▶ [EXCERPTED RECORDS]:
-=-=-=-=-
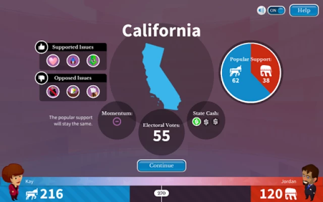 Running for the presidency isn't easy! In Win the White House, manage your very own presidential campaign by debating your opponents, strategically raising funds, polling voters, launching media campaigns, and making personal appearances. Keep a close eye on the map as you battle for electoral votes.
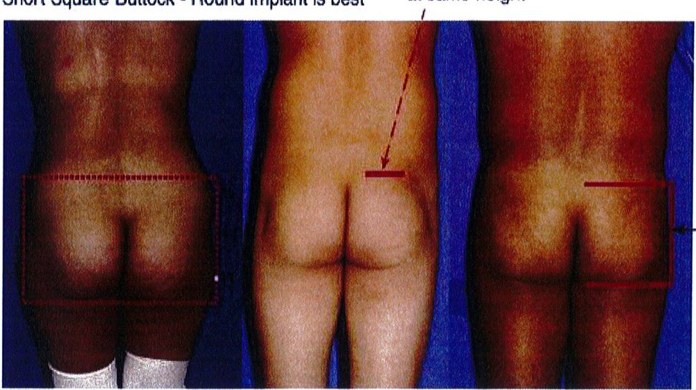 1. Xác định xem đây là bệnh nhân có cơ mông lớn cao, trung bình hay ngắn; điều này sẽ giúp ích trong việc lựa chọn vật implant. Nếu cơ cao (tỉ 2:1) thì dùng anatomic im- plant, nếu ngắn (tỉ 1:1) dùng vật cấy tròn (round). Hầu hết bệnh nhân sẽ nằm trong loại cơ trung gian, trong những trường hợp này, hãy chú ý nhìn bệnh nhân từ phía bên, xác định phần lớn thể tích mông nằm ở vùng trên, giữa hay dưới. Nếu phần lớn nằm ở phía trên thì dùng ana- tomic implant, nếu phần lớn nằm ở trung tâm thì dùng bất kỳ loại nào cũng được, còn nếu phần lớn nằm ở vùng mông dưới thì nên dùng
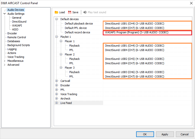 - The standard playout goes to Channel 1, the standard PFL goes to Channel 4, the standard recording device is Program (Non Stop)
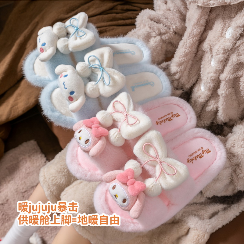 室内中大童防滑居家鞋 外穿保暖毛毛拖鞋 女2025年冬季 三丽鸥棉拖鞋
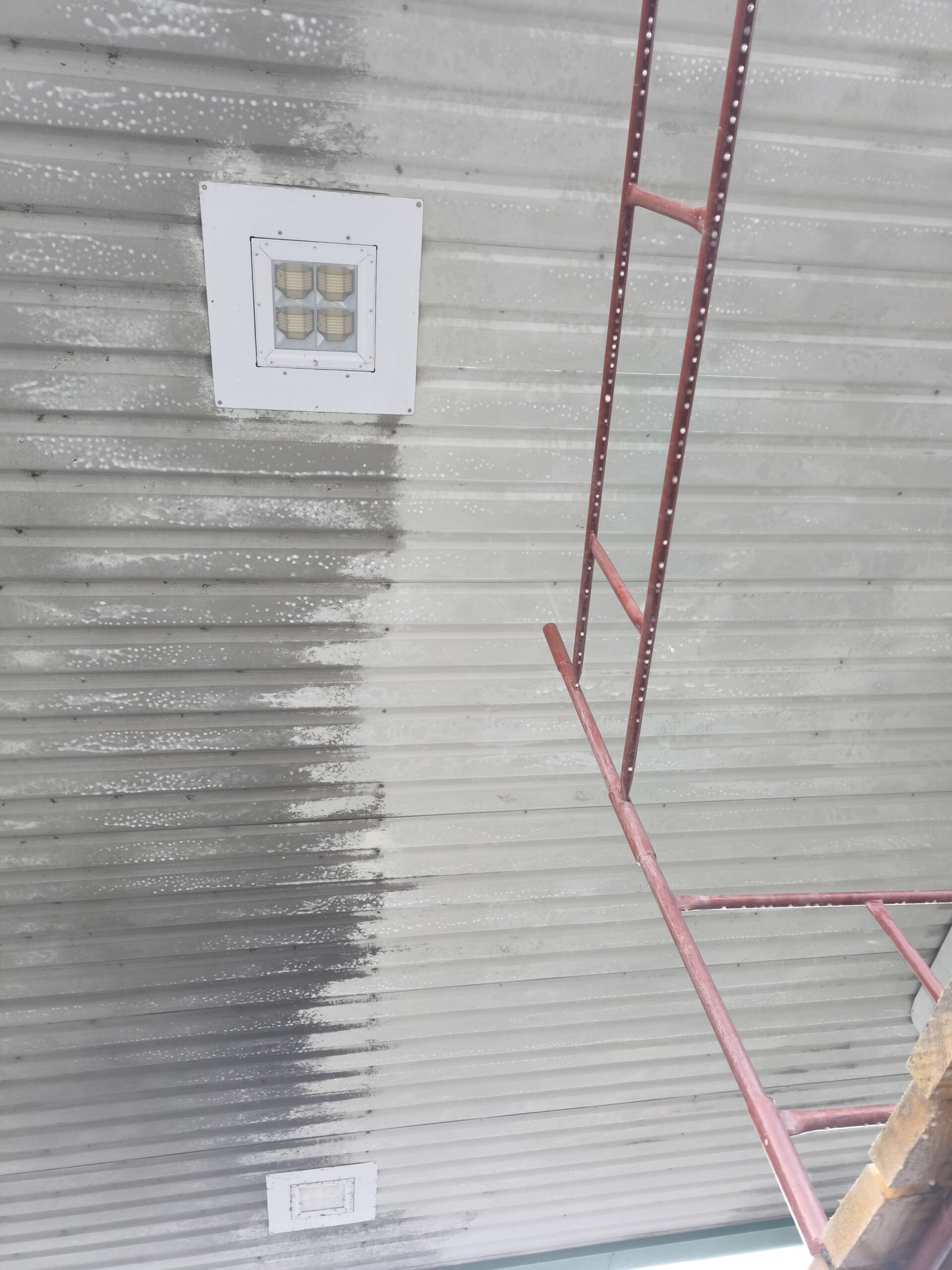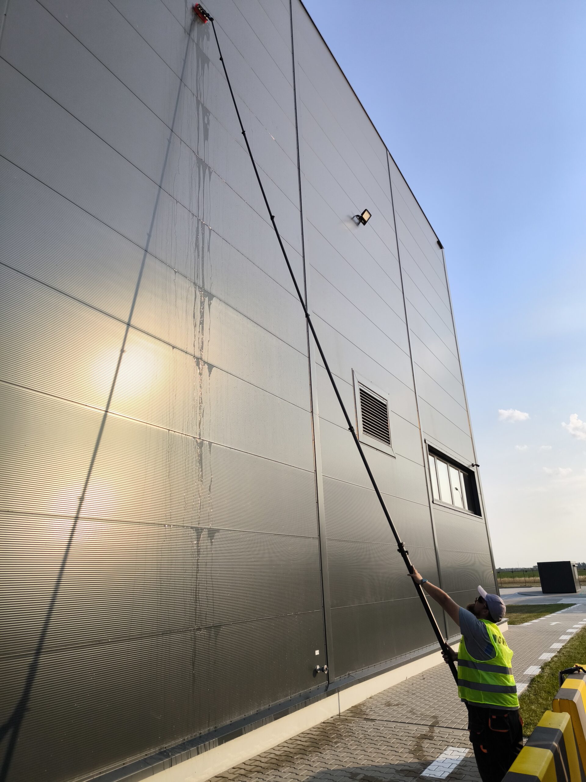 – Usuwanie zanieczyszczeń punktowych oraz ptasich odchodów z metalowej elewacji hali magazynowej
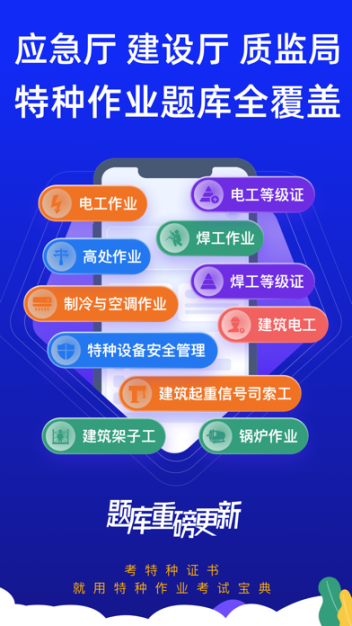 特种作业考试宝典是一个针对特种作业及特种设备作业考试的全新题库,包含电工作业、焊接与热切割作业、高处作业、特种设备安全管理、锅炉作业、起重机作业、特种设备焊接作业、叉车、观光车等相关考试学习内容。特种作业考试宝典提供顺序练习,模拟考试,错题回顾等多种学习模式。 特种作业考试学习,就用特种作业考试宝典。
-=-=-=-=-
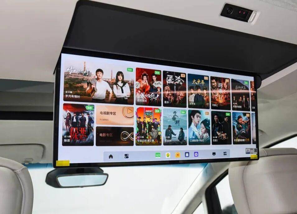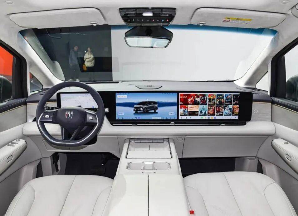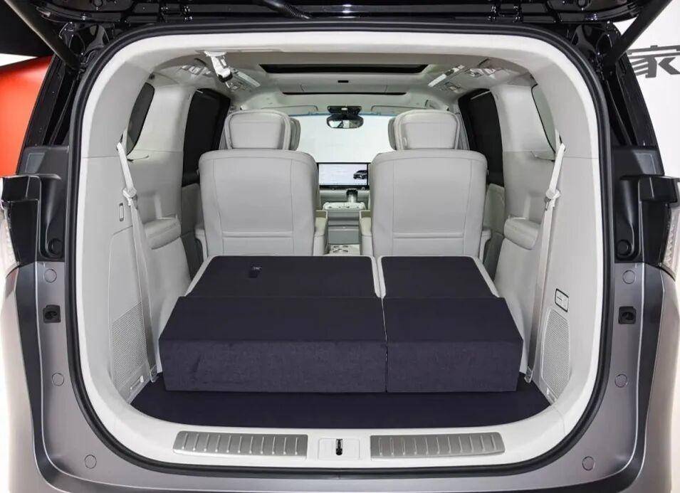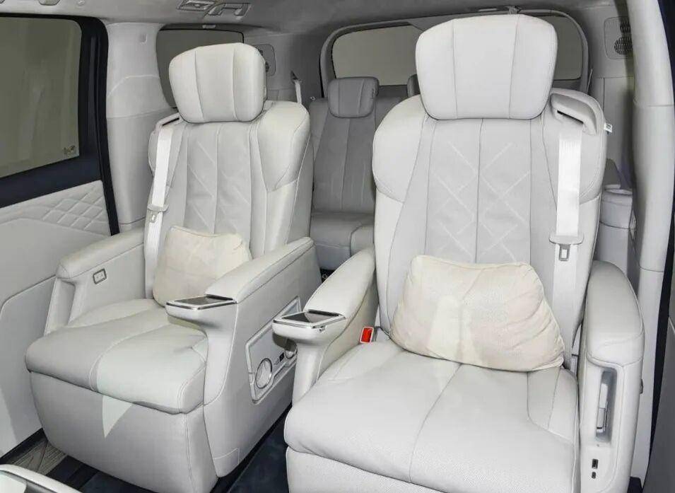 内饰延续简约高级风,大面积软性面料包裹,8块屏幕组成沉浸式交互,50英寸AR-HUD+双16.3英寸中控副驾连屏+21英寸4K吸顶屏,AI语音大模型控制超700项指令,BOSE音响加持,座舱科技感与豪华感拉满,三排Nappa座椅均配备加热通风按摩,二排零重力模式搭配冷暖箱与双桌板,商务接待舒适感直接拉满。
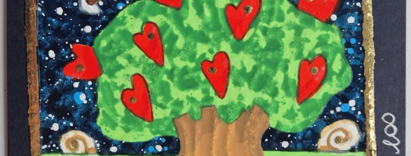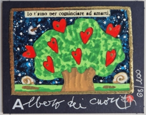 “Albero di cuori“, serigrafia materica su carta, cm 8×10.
-=-=-=-=-
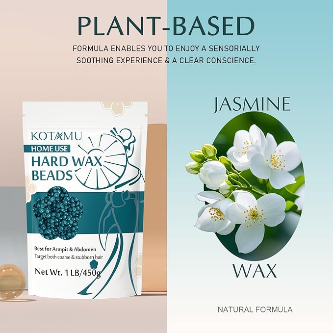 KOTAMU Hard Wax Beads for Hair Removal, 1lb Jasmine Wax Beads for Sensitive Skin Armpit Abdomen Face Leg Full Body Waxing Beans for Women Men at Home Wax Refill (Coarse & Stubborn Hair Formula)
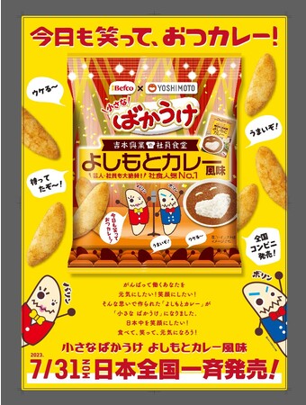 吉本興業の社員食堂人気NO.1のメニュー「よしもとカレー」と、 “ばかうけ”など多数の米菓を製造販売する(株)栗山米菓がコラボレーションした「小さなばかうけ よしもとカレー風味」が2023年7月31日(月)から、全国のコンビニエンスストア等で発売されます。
-=-=-=-=-
▶ [AIM OF THE TASK]: What's needed is an exact copy of the records above from the line containing "Running for the" down to the line containing "特种作业考试宝典是一个针对特", both included, without any pictures.

▶ [EXPECTED OUTPUT]:
 Running for the presidency isn't easy! In Win the White House, manage your very own presidential campaign by debating your opponents, strategically raising funds, polling voters, launching media campaigns, and making personal appearances. Keep a close eye on the map as you battle for electoral votes.
 1. Xác định xem đây là bệnh nhân có cơ mông lớn cao, trung bình hay ngắn; điều này sẽ giúp ích trong việc lựa chọn vật implant. Nếu cơ cao (tỉ 2:1) thì dùng anatomic im- plant, nếu ngắn (tỉ 1:1) dùng vật cấy tròn (round). Hầu hết bệnh nhân sẽ nằm trong loại cơ trung gian, trong những trường hợp này, hãy chú ý nhìn bệnh nhân từ phía bên, xác định phần lớn thể tích mông nằm ở vùng trên, giữa hay dưới. Nếu phần lớn nằm ở phía trên thì dùng ana- tomic implant, nếu phần lớn nằm ở trung tâm thì dùng bất kỳ loại nào cũng được, còn nếu phần lớn nằm ở vùng mông dưới thì nên dùng
 - The standard playout goes to Channel 1, the standard PFL goes to Channel 4, the standard recording device is Program (Non Stop)
 室内中大童防滑居家鞋 外穿保暖毛毛拖鞋 女2025年冬季 三丽鸥棉拖鞋
 – Usuwanie zanieczyszczeń punktowych oraz ptasich odchodów z metalowej elewacji hali magazynowej
 特种作业考试宝典是一个针对特种作业及特种设备作业考试的全新题库,包含电工作业、焊接与热切割作业、高处作业、特种设备安全管理、锅炉作业、起重机作业、特种设备焊接作业、叉车、观光车等相关考试学习内容。特种作业考试宝典提供顺序练习,模拟考试,错题回顾等多种学习模式。 特种作业考试学习,就用特种作业考试宝典。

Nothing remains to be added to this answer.